Description
These Mini Funfetti Muffins are a vibrant and fluffy treat, packed with rainbow sprinkles for a festive touch. Perfect for breakfast, snacks, or dessert, they are easy to make and guaranteed to brighten your day! Enjoy them warm or at room temperature, and store leftovers in an airtight container for up to 3 days.
Ingredients
Scale
- 1 ½ cups all-purpose flour
- 1 teaspoon baking powder
- ½ teaspoon baking soda
- ¼ teaspoon salt
- ½ cup unsalted butter, softened
- ¾ cup granulated sugar
- 2 large eggs
- 1 teaspoon vanilla extract
- ½ cup buttermilk
- ½ cup rainbow sprinkles (plus extra for topping)
Instructions
- Preheat your oven to 350°F (175°C). Line a mini muffin tin with paper liners or spray with non-stick cooking spray to prevent sticking.
- In a medium bowl, whisk together the all-purpose flour, baking powder, baking soda, and salt. Set this dry mixture aside.
- In a large mixing bowl, cream together the softened unsalted butter and granulated sugar using an electric mixer on medium speed. Beat until the mixture is light and fluffy, about 2-3 minutes.
- Add the eggs one at a time to the butter-sugar mixture, mixing well after each addition. Make sure to scrape down the sides of the bowl to ensure everything is well combined.
- Stir in the vanilla extract until fully incorporated.
- Gradually add the dry ingredients to the wet mixture, alternating with the buttermilk. Start with one-third of the dry ingredients, mix until just combined, then add half of the buttermilk. Repeat this process, ending with the dry ingredients. Be careful not to overmix; a few lumps are okay.
- Gently fold in the rainbow sprinkles using a spatula, ensuring they are evenly distributed throughout the batter.
- Using a small cookie scoop or a spoon, fill each mini muffin cup about ¾ full with the batter. This will allow room for the muffins to rise without overflowing.
- Sprinkle a few extra rainbow sprinkles on top of each muffin for a festive touch.
- Place the muffin tin in the preheated oven and bake for 10-12 minutes, or until the muffins are golden brown and a toothpick inserted into the center comes out clean.
- Once baked, remove the muffin tin from the oven and allow the muffins to cool in the tin for about 5 minutes.
- Carefully transfer the muffins to a wire rack to cool completely.

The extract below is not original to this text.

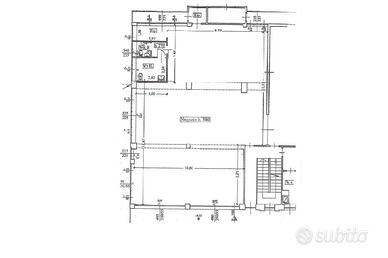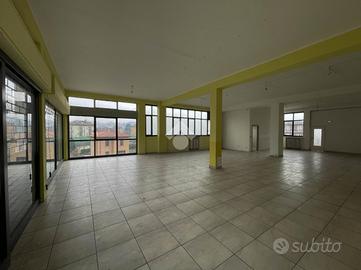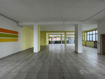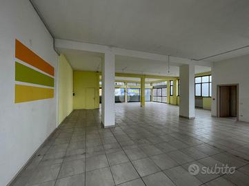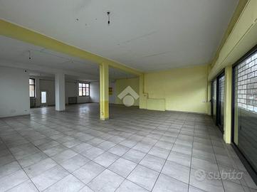 La soluzione misura circa 230 metri quadrati, attualmente si presenta come un grande open-space interrotto da pilastri ed è dotata di due servizi igienici di cui uno a norma disabili. L'ambiente si presenta particolarmente luminoso grazie alla presenza di due ampie vetrine fronte strada e di numerose finestre apribili; le saracinesche a protezione delle vetrine sono automatiche. L'immobile presenta impianti elettrico e di illuminazione e sistema di riscaldamento a radiatori. L'altezza interna è di 4,00 metri, con altezza sottotrave di 3,80 metri.

This will help prevent them from becoming soggy on the bottom.
- Once the mini funfetti muffins are completely cooled, you can serve them as is or with a light dusting of powdered sugar for an extra touch of sweetness.
- These muffins are perfect for breakfast, snacks, or even as a fun dessert. They can be enjoyed warm or at room temperature.
- If you want to store the muffins, place them in an airtight container at room temperature for up to 3 days. For longer storage, you can freeze them in a freezer-safe bag for up to 2 months. To thaw, simply leave them at room temperature or warm them in the microwave for a few seconds.
Notes
- Make sure your butter is softened to room temperature for easier creaming with the sugar.
- For a richer flavor, you can substitute half of the all-purpose flour with cake flour.
- Feel free to experiment with different types of sprinkles, such as chocolate or seasonal colors, to match any occasion.
- If you don’t have buttermilk on hand, you can make a quick substitute by mixing ½ cup of milk with 1 teaspoon of vinegar or lemon juice. Let it sit for about 5 minutes before using.
- To ensure even baking, rotate the muffin tin halfway through the baking time.